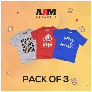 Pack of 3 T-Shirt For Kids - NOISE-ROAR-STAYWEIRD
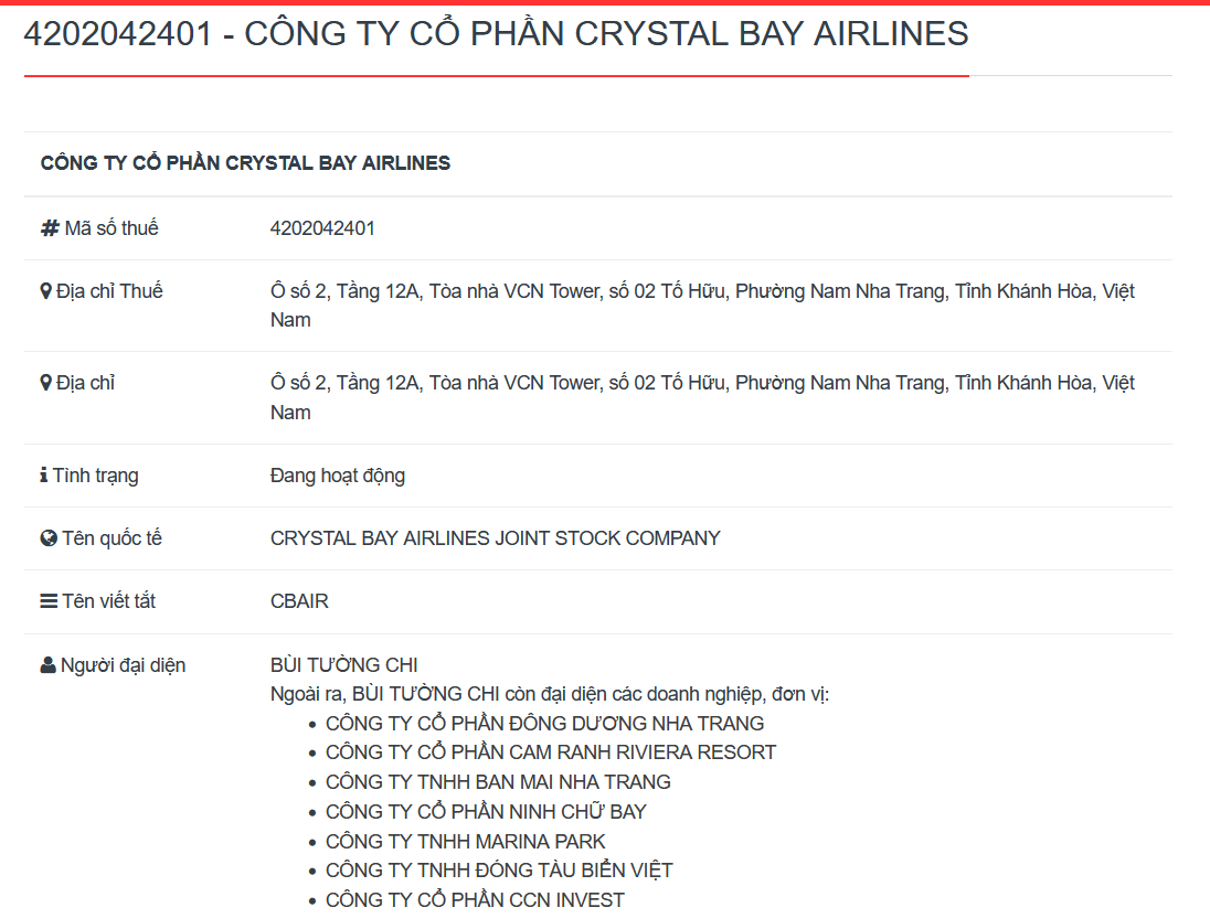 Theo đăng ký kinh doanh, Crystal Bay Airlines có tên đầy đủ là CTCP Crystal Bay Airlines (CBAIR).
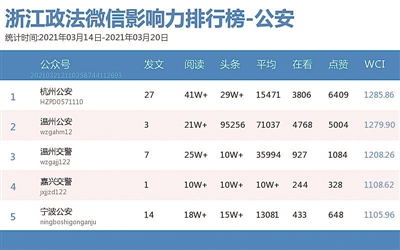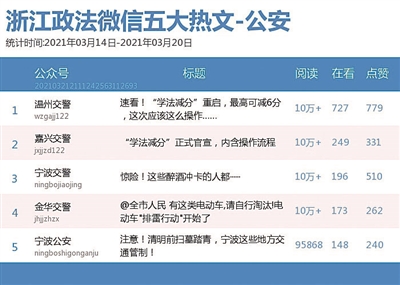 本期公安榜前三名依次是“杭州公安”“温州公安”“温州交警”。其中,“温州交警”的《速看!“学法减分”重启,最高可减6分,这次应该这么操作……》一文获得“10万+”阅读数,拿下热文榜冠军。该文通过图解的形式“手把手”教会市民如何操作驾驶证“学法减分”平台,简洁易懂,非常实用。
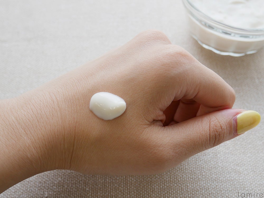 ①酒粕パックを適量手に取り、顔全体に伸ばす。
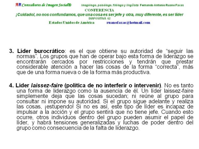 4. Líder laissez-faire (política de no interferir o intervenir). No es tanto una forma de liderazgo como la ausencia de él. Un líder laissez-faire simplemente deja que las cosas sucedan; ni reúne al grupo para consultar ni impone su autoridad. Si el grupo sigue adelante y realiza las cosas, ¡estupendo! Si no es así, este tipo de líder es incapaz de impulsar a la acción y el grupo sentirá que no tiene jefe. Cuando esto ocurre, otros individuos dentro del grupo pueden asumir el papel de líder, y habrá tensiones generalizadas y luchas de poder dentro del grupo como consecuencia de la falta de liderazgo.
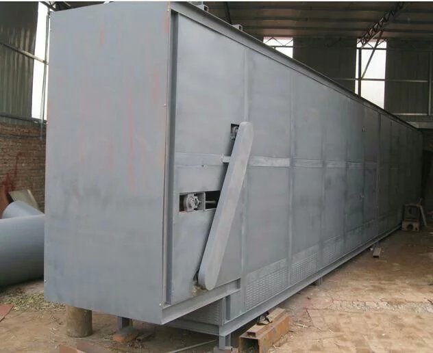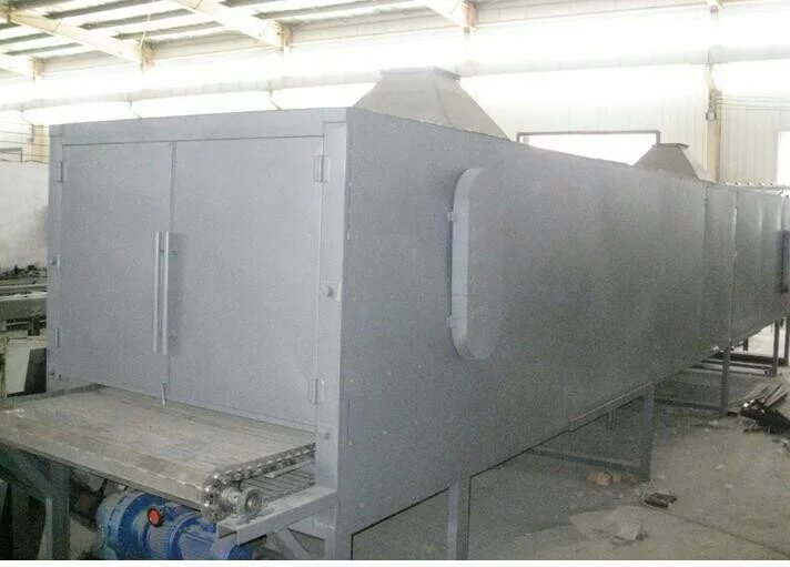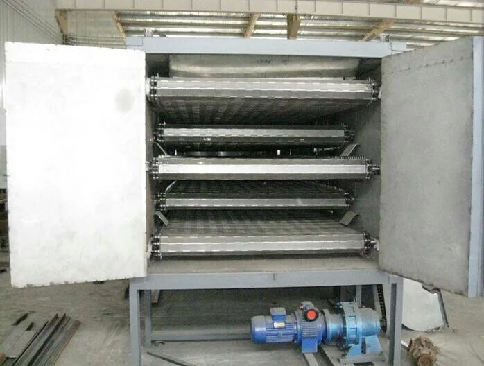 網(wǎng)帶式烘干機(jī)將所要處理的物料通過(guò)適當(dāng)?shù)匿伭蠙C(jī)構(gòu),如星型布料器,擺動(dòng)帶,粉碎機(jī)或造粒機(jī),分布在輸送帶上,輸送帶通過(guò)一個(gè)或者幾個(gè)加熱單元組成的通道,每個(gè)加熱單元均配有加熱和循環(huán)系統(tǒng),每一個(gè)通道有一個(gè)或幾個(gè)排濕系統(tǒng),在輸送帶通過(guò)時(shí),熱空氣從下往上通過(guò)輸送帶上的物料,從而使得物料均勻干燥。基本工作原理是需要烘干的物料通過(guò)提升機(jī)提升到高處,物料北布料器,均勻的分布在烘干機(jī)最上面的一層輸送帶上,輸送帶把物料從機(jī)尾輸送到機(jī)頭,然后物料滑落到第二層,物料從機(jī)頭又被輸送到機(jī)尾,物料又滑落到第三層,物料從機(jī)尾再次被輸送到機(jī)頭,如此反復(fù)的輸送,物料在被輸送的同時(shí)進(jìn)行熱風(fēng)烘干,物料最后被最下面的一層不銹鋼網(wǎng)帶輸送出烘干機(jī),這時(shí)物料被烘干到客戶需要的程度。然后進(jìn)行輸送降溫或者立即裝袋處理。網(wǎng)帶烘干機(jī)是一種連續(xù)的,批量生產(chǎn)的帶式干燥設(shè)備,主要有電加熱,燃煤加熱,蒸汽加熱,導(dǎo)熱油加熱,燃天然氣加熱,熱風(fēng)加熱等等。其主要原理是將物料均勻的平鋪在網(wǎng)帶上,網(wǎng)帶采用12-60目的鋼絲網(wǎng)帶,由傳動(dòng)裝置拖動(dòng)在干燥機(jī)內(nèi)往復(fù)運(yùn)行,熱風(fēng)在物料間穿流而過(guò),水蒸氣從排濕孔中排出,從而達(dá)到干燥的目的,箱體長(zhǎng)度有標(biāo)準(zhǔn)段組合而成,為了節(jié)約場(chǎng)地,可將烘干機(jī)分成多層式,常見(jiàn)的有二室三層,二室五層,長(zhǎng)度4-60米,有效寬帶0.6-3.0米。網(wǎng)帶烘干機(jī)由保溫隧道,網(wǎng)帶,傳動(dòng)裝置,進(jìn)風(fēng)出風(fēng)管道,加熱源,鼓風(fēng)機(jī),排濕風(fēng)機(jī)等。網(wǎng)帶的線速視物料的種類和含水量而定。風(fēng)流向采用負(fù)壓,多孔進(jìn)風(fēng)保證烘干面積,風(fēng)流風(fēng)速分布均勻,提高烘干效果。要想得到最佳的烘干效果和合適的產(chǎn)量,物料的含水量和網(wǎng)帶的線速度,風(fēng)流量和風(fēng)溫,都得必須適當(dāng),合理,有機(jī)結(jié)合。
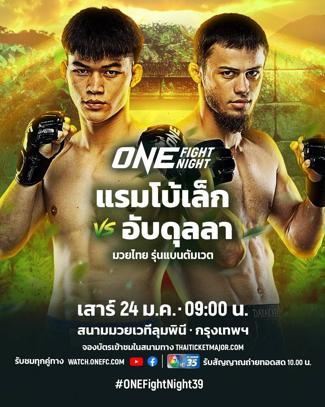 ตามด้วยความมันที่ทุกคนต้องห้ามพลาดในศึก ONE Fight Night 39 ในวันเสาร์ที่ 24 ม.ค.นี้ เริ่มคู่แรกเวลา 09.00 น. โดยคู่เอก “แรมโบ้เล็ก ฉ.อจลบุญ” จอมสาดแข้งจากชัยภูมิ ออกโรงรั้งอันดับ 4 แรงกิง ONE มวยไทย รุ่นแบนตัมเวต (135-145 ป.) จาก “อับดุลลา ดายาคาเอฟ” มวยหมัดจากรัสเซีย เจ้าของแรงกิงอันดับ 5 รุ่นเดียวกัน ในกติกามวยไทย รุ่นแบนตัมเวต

━━━

▸ WHAT IS BEING ASKED:
Everything in the listing, except its images, should be set down exactly.

▸ ANSWER SPACE:
 Pack of 3 T-Shirt For Kids - NOISE-ROAR-STAYWEIRD
 Theo đăng ký kinh doanh, Crystal Bay Airlines có tên đầy đủ là CTCP Crystal Bay Airlines (CBAIR).
 本期公安榜前三名依次是“杭州公安”“温州公安”“温州交警”。其中,“温州交警”的《速看!“学法减分”重启,最高可减6分,这次应该这么操作……》一文获得“10万+”阅读数,拿下热文榜冠军。该文通过图解的形式“手把手”教会市民如何操作驾驶证“学法减分”平台,简洁易懂,非常实用。
 ①酒粕パックを適量手に取り、顔全体に伸ばす。
 4. Líder laissez-faire (política de no interferir o intervenir). No es tanto una forma de liderazgo como la ausencia de él. Un líder laissez-faire simplemente deja que las cosas sucedan; ni reúne al grupo para consultar ni impone su autoridad. Si el grupo sigue adelante y realiza las cosas, ¡estupendo! Si no es así, este tipo de líder es incapaz de impulsar a la acción y el grupo sentirá que no tiene jefe. Cuando esto ocurre, otros individuos dentro del grupo pueden asumir el papel de líder, y habrá tensiones generalizadas y luchas de poder dentro del grupo como consecuencia de la falta de liderazgo.
 網(wǎng)帶式烘干機(jī)將所要處理的物料通過(guò)適當(dāng)?shù)匿伭蠙C(jī)構(gòu),如星型布料器,擺動(dòng)帶,粉碎機(jī)或造粒機(jī),分布在輸送帶上,輸送帶通過(guò)一個(gè)或者幾個(gè)加熱單元組成的通道,每個(gè)加熱單元均配有加熱和循環(huán)系統(tǒng),每一個(gè)通道有一個(gè)或幾個(gè)排濕系統(tǒng),在輸送帶通過(guò)時(shí),熱空氣從下往上通過(guò)輸送帶上的物料,從而使得物料均勻干燥。基本工作原理是需要烘干的物料通過(guò)提升機(jī)提升到高處,物料北布料器,均勻的分布在烘干機(jī)最上面的一層輸送帶上,輸送帶把物料從機(jī)尾輸送到機(jī)頭,然后物料滑落到第二層,物料從機(jī)頭又被輸送到機(jī)尾,物料又滑落到第三層,物料從機(jī)尾再次被輸送到機(jī)頭,如此反復(fù)的輸送,物料在被輸送的同時(shí)進(jìn)行熱風(fēng)烘干,物料最后被最下面的一層不銹鋼網(wǎng)帶輸送出烘干機(jī),這時(shí)物料被烘干到客戶需要的程度。然后進(jìn)行輸送降溫或者立即裝袋處理。網(wǎng)帶烘干機(jī)是一種連續(xù)的,批量生產(chǎn)的帶式干燥設(shè)備,主要有電加熱,燃煤加熱,蒸汽加熱,導(dǎo)熱油加熱,燃天然氣加熱,熱風(fēng)加熱等等。其主要原理是將物料均勻的平鋪在網(wǎng)帶上,網(wǎng)帶采用12-60目的鋼絲網(wǎng)帶,由傳動(dòng)裝置拖動(dòng)在干燥機(jī)內(nèi)往復(fù)運(yùn)行,熱風(fēng)在物料間穿流而過(guò),水蒸氣從排濕孔中排出,從而達(dá)到干燥的目的,箱體長(zhǎng)度有標(biāo)準(zhǔn)段組合而成,為了節(jié)約場(chǎng)地,可將烘干機(jī)分成多層式,常見(jiàn)的有二室三層,二室五層,長(zhǎng)度4-60米,有效寬帶0.6-3.0米。網(wǎng)帶烘干機(jī)由保溫隧道,網(wǎng)帶,傳動(dòng)裝置,進(jìn)風(fēng)出風(fēng)管道,加熱源,鼓風(fēng)機(jī),排濕風(fēng)機(jī)等。網(wǎng)帶的線速視物料的種類和含水量而定。風(fēng)流向采用負(fù)壓,多孔進(jìn)風(fēng)保證烘干面積,風(fēng)流風(fēng)速分布均勻,提高烘干效果。要想得到最佳的烘干效果和合適的產(chǎn)量,物料的含水量和網(wǎng)帶的線速度,風(fēng)流量和風(fēng)溫,都得必須適當(dāng),合理,有機(jī)結(jié)合。
 ตามด้วยความมันที่ทุกคนต้องห้ามพลาดในศึก ONE Fight Night 39 ในวันเสาร์ที่ 24 ม.ค.นี้ เริ่มคู่แรกเวลา 09.00 น. โดยคู่เอก “แรมโบ้เล็ก ฉ.อจลบุญ” จอมสาดแข้งจากชัยภูมิ ออกโรงรั้งอันดับ 4 แรงกิง ONE มวยไทย รุ่นแบนตัมเวต (135-145 ป.) จาก “อับดุลลา ดายาคาเอฟ” มวยหมัดจากรัสเซีย เจ้าของแรงกิงอันดับ 5 รุ่นเดียวกัน ในกติกามวยไทย รุ่นแบนตัมเวต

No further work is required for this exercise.